When my type 1 diabetes (T1D) was diagnosed in 1962, scientists couldn’t explain the cause of the disease or what triggered it. Fifty-seven years later, I’m still waiting for researchers to tell me precisely why my pancreas stopped making insulin and my blood sugar shot up so high that I needed to be hospitalized.
Still, while researchers continue to search for a full explanation of what causes T1D, they’ve solved more than a few diabetes-related mysteries. They’ve identified specific risk factors and come up with evidenced-based theories about what triggers this disease.
Many of the scientific detectives trying to track down culprits for T1D are also trying to explain why it is surging: T1D is increasing at a rate of 5.3 percent globally every year, by one estimate. Read on to learn more about what we know — and don’t know — about why.
If you or someone you love has T1D, you probably know the basic explanation for the disease: it occurs when the body’s immune system destroys the insulin-producing cells (beta cells) in the pancreas. It can occur at any age, although it’s much more common in kids.
It’s less well-known that T1D starts developing before symptoms appear. In fact, the national experts at JDRF, the American Diabetes Association, and the Endocrine Society now agree that there are three distinct stages of T1D development:
There are several risk factors that make it more likely that someone will develop T1D, including:
Several specific genetic markers have been identified, and if you have one or more of them, you might develop T1D. Since genes are inherited, family history is an important predictor for T1D. If you have a relative with T1D, your risk of developing it is 1 in 20.
But according to researchers, less than 10 percent of people with these genetic markers develop T1D. So it’s clear that other factors besides genes put people at higher risk for developing the disease.
Certain ethnic groups have a higher rate of T1D. In the United States, for example, whites are more likely to develop T1D than African Americans and Hispanic Americans.
Where you live influences your chances of developing T1D as well.
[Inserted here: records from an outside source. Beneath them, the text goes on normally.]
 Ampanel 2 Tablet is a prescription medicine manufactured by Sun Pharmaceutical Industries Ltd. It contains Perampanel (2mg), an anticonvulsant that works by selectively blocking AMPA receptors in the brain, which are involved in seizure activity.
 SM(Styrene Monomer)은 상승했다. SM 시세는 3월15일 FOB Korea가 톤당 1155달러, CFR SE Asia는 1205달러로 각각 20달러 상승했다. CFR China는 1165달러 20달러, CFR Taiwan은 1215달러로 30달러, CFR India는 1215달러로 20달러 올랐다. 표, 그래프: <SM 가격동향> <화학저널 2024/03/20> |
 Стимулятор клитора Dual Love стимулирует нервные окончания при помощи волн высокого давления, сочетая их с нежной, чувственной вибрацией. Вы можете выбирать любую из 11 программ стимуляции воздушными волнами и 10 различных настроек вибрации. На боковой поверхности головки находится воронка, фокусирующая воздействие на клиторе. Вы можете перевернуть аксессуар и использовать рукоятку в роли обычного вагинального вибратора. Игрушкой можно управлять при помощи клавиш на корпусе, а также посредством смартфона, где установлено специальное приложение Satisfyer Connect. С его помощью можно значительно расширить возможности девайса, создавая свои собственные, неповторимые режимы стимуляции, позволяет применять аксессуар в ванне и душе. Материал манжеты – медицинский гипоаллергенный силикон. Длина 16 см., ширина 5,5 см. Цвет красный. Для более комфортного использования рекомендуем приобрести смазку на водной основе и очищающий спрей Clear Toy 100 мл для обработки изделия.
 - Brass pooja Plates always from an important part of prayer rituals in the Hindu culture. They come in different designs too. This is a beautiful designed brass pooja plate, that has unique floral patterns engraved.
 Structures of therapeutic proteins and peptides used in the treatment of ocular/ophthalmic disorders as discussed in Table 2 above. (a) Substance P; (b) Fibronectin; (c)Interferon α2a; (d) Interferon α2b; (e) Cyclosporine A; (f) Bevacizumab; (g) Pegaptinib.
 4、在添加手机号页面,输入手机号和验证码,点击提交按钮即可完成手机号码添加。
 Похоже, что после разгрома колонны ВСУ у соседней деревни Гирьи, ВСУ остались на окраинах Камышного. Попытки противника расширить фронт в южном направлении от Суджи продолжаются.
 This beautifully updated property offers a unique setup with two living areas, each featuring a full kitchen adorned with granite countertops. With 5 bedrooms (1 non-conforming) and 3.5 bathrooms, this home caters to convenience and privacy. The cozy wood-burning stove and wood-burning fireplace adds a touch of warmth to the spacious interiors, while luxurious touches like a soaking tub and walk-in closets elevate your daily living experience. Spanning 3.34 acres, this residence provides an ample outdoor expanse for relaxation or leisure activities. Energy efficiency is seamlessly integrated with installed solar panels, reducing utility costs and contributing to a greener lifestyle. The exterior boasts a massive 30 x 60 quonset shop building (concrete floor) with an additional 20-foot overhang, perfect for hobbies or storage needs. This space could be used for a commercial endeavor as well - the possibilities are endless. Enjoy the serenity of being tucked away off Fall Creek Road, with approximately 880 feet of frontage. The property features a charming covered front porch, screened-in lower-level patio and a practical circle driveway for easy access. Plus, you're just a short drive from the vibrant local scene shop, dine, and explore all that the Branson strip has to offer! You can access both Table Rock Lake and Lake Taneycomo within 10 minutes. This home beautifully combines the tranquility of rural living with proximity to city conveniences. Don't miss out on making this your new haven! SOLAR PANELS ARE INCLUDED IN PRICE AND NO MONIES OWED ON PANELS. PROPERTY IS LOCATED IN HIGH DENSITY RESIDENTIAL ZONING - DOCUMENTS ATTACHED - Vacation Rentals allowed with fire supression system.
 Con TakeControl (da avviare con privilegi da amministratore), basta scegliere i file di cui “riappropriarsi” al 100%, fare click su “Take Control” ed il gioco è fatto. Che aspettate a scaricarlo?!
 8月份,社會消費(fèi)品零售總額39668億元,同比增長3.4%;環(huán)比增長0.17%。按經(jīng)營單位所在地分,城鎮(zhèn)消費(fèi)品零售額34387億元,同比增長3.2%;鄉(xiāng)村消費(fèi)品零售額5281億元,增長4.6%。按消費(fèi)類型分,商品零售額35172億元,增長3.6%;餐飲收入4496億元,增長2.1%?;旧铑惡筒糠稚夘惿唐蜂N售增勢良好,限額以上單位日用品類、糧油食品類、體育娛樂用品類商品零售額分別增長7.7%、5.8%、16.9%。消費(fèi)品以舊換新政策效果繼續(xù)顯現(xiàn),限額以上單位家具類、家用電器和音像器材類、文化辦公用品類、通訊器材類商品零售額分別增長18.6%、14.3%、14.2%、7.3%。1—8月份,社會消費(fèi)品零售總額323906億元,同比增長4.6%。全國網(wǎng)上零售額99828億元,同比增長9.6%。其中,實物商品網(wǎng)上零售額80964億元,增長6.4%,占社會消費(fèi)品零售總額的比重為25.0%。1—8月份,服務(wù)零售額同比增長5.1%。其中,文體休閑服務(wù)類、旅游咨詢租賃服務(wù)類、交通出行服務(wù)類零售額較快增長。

In China, T1D rates are 10 to 20 times lower than in North America, Europe, and Australia. Finland has the highest incidence of T1D in the world.
The American Diabetes Association acknowledges that “Type 1 diabetes develops more often in winter than summer and is more common in places with cold climates.” And on the flip side, “people who live in southern climates — such as South America — are less likely to develop type 1.” There is a related theory that because people in less sunny regions are more prone to T1D because they get less vitamin D — which comes directly from the sun.
Autoimmune conditions often seem to come in pairs. So if someone has Graves’ disease, multiple sclerosis, pernicious anemia, or other autoimmune conditions, they are more likely to develop T1D.
Clearly, some kind of trigger is needed for the immune system to attack insulin-producing cells in people who are genetically susceptible to T1D. Here are a few of the potential triggers that have been identified:
Viral infections and type 1 diabetes
There is a lot of anecdotal evidence that people are diagnosed with T1D after experiencing some kind of viral infection.
“Scientists believe that certain viruses may target beta cells, and as the immune response ramps up to fight those viruses, it goes awry and attacks uninfected beta cells by mistake,” according to JDRF.
Animals and people with specific strains of infectious viruses, called “enteroviruses,” are more likely to get diabetes. It’s long been known that epidemics of mumps, rubella, and coxsackie viruses have been associated with increased frequency of type 1.
Other research indicates that toxins in the air, water, and food might trigger T1D in people who are genetically prone to it. Some studies reveal a higher incidence of the disease in people exposed to arsenic, while others have linked it to nitrates, ozone, sulfates, and other chemicals and pollutants.
The notion of an overlap between type 1 and type 2 diabetes has been a topic of research since the 1990s. From this work comes the “accelerator hypothesis,” which posits that obesity-associated insulin resistance can accelerate the onset and progression of T1D. The idea is that the beta cells are further stressed, which makes them more susceptible to autoimmune attack.
Also, with the incidence of diabetes in obese young people on the rise — and growing difficulty distinguishing type 1 from type 2 in some patients — scientists have also coined the term “double diabetes” to refer to coexistence of autoimmunity and insulin resistance.
Despite some public misconception, the onset of T1D has never been linked to consuming too many sweets or even overeating in general. But there are some specific foods that researchers suspect may play a role.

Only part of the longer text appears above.